+++ PROVIDED MATERIAL

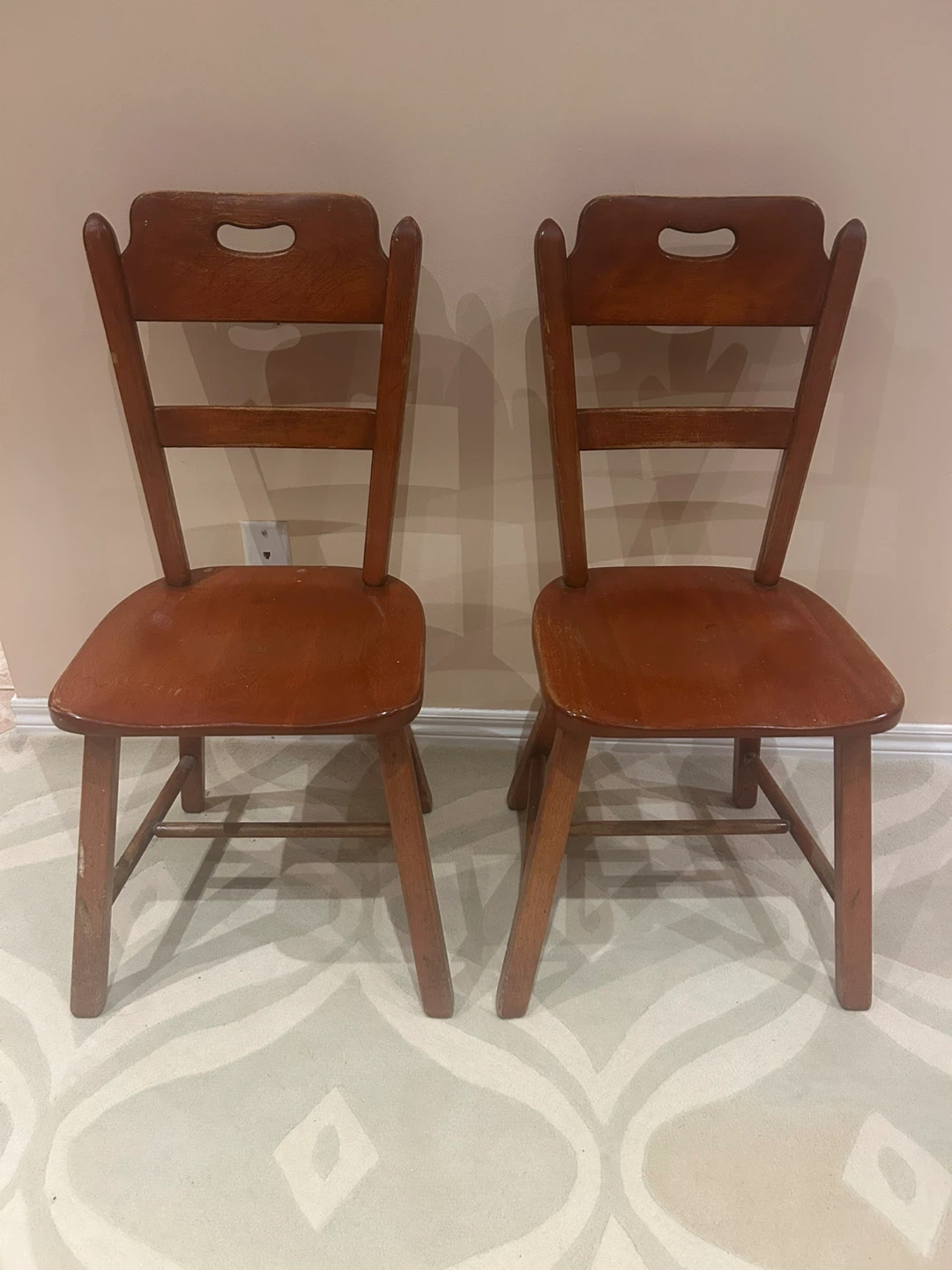Selling a set of two wooden chairs. They have a classic design and are perfect for a dining room or kitchen. The chairs are in good condition with some signs of wear, adding to their vintage charm
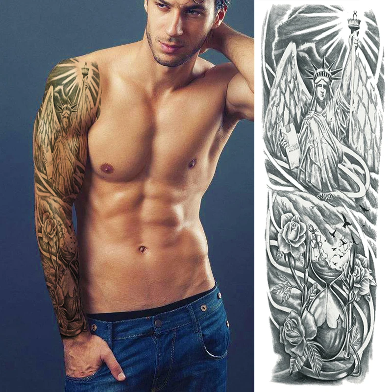 Us 2 06 20 Off Temporary Tattoo Full Arm Sleeve Large Arm Sleeve Tattoo Waterproof Big Men Shoulder Tattoos Greek Gods Mythology Stickers Body In
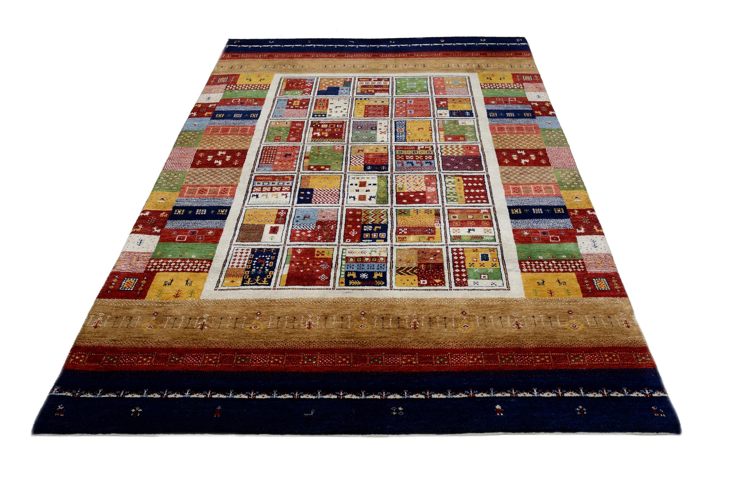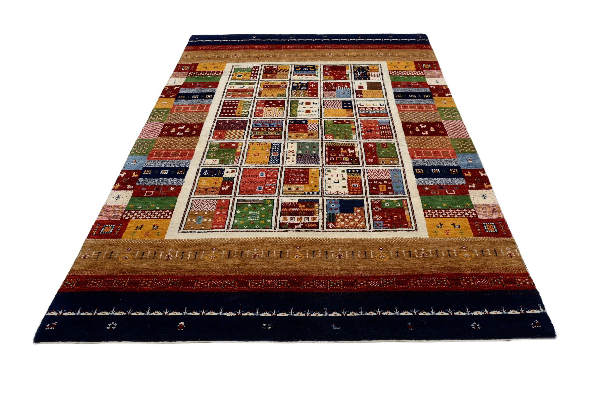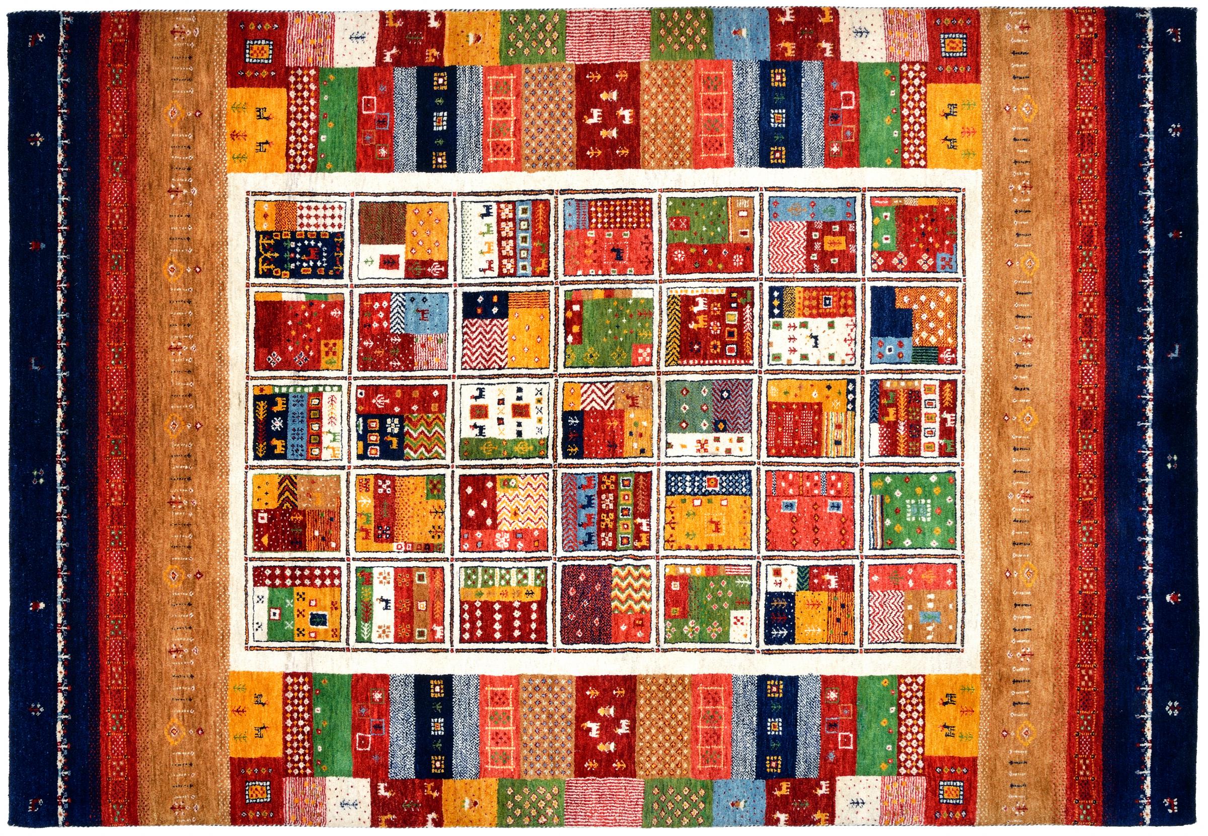 Dit prachtige Gabbeh tapijt werd met de hand geknoopt in India. Indiase Gabbeh tapijten zijn gemaakt van zachte schapenwol, zijn comfortabel aan de voeten en hebben een warmte-isolerende werking. Meestal zijn hun ontwerpen eenvoudig en tijdloos modern. Ze werden geïnspireerd door nomadische volkeren, die zeer eenvoudige motieven uit hun omgeving in de tapijten lieten vloeien. Indiase Gabbeh-tapijten komen niet helemaal in de buurt van de kwaliteit van een Perzische Gabbeh, maar hebben een zeer goede prijs-kwaliteitverhouding. Daarom zijn ze perfect geschikt als handgeknoopte beginnerstapijten.

++++++

TASK STATEMENT:
Would you reproduce each line of the material exactly, omitting the images?

RESPONSE AREA:
Selling a set of two wooden chairs. They have a classic design and are perfect for a dining room or kitchen. The chairs are in good condition with some signs of wear, adding to their vintage charm
 Us 2 06 20 Off Temporary Tattoo Full Arm Sleeve Large Arm Sleeve Tattoo Waterproof Big Men Shoulder Tattoos Greek Gods Mythology Stickers Body In
 Dit prachtige Gabbeh tapijt werd met de hand geknoopt in India. Indiase Gabbeh tapijten zijn gemaakt van zachte schapenwol, zijn comfortabel aan de voeten en hebben een warmte-isolerende werking. Meestal zijn hun ontwerpen eenvoudig en tijdloos modern. Ze werden geïnspireerd door nomadische volkeren, die zeer eenvoudige motieven uit hun omgeving in de tapijten lieten vloeien. Indiase Gabbeh-tapijten komen niet helemaal in de buurt van de kwaliteit van een Perzische Gabbeh, maar hebben een zeer goede prijs-kwaliteitverhouding. Daarom zijn ze perfect geschikt als handgeknoopte beginnerstapijten.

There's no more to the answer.